Kain Morgan P, Hossack Blake R, Smalling Kelly L, Halstead Brian J, Grear Daniel A, Miller David A W, Adams Michael J, Backlin Adam R, Barichivich William J, Eagles-Smith Collin A, Emery Colleen, Fleming Jillian E, Fisher Robert N, Gallegos Elizabeth, Lor Duoa Jim, Kleeman Patrick M, Muths Erin, Pan Ty, Pearl Christopher A, Robinson Charles W, Rumrill Catilin, Tornabene Brian J, Waddle J Hardin, Walls Susan C, Grant Evan H Campbell
Pennsylvania State University, State College, PA, USA.
Eastern Ecological Science Center (Patuxent Wildlife Research Center), S.O. Conte Anadromous Fish Research Laboratory, U.S. Geological Survey, Turners Falls, MA, USA.
Sci Rep. 2025 May 19;15(1):17314. doi: 10.1038/s41598-025-99839-3.
Disease, alone or combined with other stressors such as habitat loss and contaminants, affects wildlife populations worldwide. However, interactions among stressors and how they affect demography and populations remain poorly understood. The amphibian chytrid fungus (Batrachochytrium dendrobatidis; Bd) is a sometimes-lethal pathogen linked with population declines and extirpations of amphibians globally. Laboratory evidence shows ubiquitous contaminants like methylmercury (MeHg) can reduce vigor and survival of amphibians, but population-level effects remain unclear. We used non-lethal sampling to assess how Bd and MeHg affected survival of juvenile and adult amphibians in 20 populations across the USA. Survival of several species declined with increasing Bd loads, including some species previously considered resistant to Bd (e.g., eastern newt [Notophthalmus viridescens]). Although our sampling for MeHg was less intensive than for Bd, we found MeHg can both directly reduce survival and synergistically magnify the effects of Bd infection. For a population of foothill yellow-legged frogs (Rana boylii), the estimated reduction in survival from MeHg exceeded that from Bd. Although effects varied widely among populations and species, our results help clarify the potential for synergistic effects of disease and contaminants and emphasize the complexity of identifying and quantifying the population-level effects of interactions among stressors.

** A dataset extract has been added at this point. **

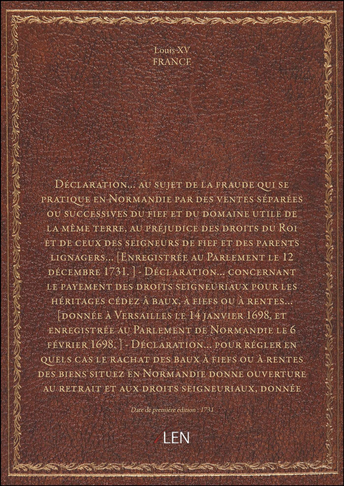 Titre complet : Déclaration... au sujet de la fraude qui se pratique en Normandie par des ventes séparées ou successives du fief et du domaine utile de la même terre, au préjudice des droits du Roi et de ceux des seigneurs de fief et des parents lignagers... [Enregistrée au Parlement le 12 décembre 1731.] - Déclaration... concernant le payement des droits seigneuriaux pour les héritages cédez à baux, à fiefs ou à rentes... [donnée à Versailles le 14 janvier 1698, et enregistrée au Parlement de Normandie le 6 février 1698.] - Déclaration... pour régler en quels cas le rachat des baux à fiefs ou à rentes des biens situez en Normandie donne ouverture au retrait et aux droits seigneuriaux, donnée à Versailles le 10 janvier 1725. [Enregistrée au Parlement de Normandie le 26 janvier 1725.] - Déclaration... au sujet des rachats de partie des baux à fiefs ou à rentes en Normandie... donnée à Versailles le 26 mai 1725. [Enregistrée au Parlement de Normandie le 12 juin 1725.]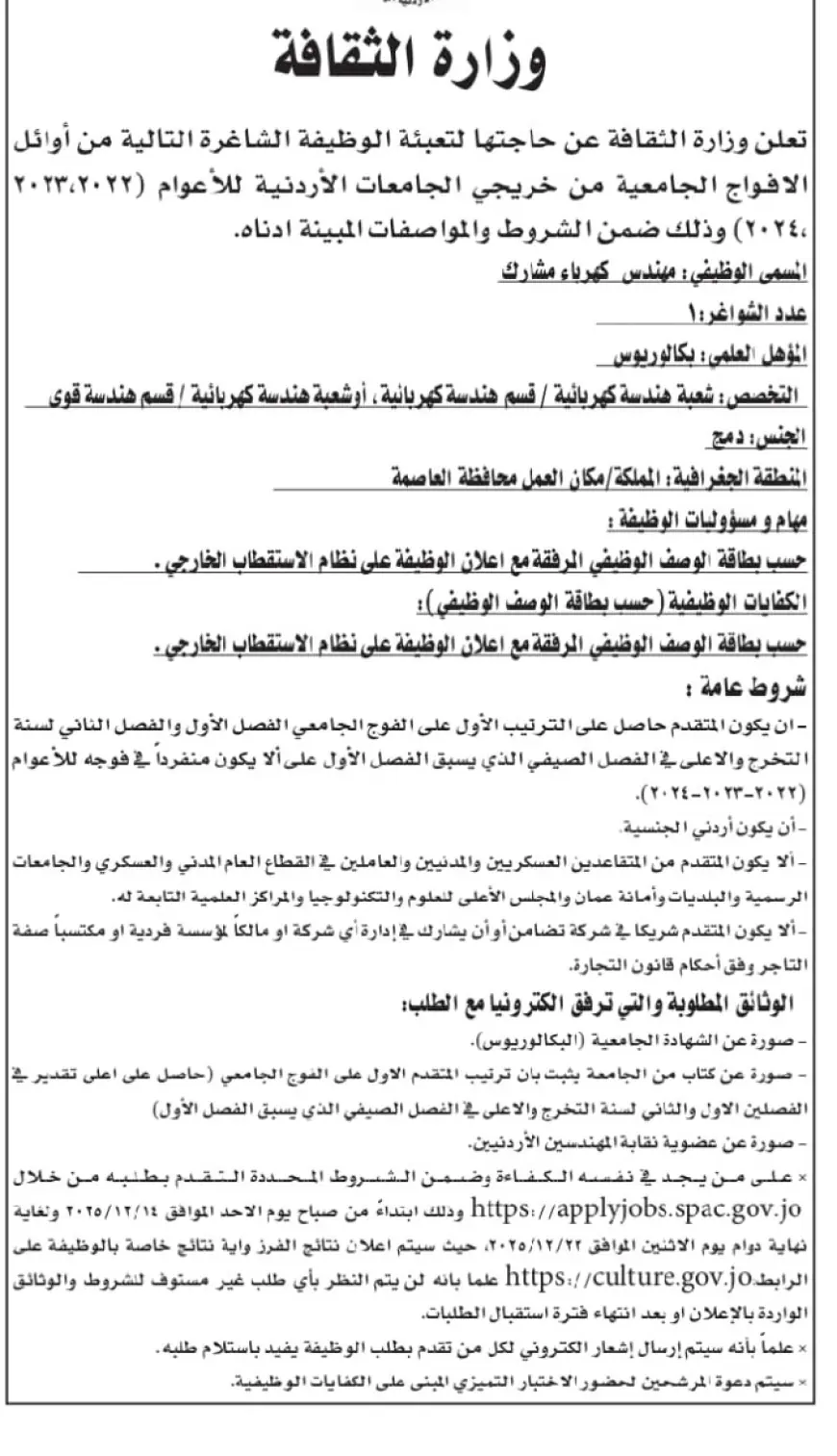 درب الأردن - أعلنت وزارة الثقافة عن حاجتها لتعبئة الشواغر، وذلك ضمن الشروط والمواصفات المبينة أدناه.

疾病,无论是单独出现还是与栖息地丧失和污染物等其他压力源共同作用,都会影响全球的野生动物种群。然而,压力源之间的相互作用以及它们如何影响种群统计学和种群数量,目前仍知之甚少。两栖类壶菌(蛙壶菌;Bd)是一种有时会致命的病原体,与全球两栖动物的种群数量下降和灭绝有关。实验室证据表明,像甲基汞(MeHg)这样普遍存在的污染物会降低两栖动物的活力和存活率,但在种群层面的影响仍不明确。我们通过非致命性采样来评估Bd和MeHg如何影响美国20个种群中幼年和成年两栖动物的存活率。随着Bd负荷的增加,几种物种的存活率下降,包括一些先前被认为对Bd有抗性的物种(如东部蝾螈[绿红东美螈])。尽管我们对MeHg的采样不如对Bd的采样密集,但我们发现MeHg既能直接降低存活率,又能协同放大Bd感染的影响。对于山麓黄腿蛙(加州红腿蛙)的一个种群来说,估计MeHg导致的存活率降低超过了Bd。尽管不同种群和物种之间的影响差异很大,但我们的结果有助于阐明疾病和污染物协同作用的可能性,并强调识别和量化压力源之间相互作用在种群层面影响的复杂性。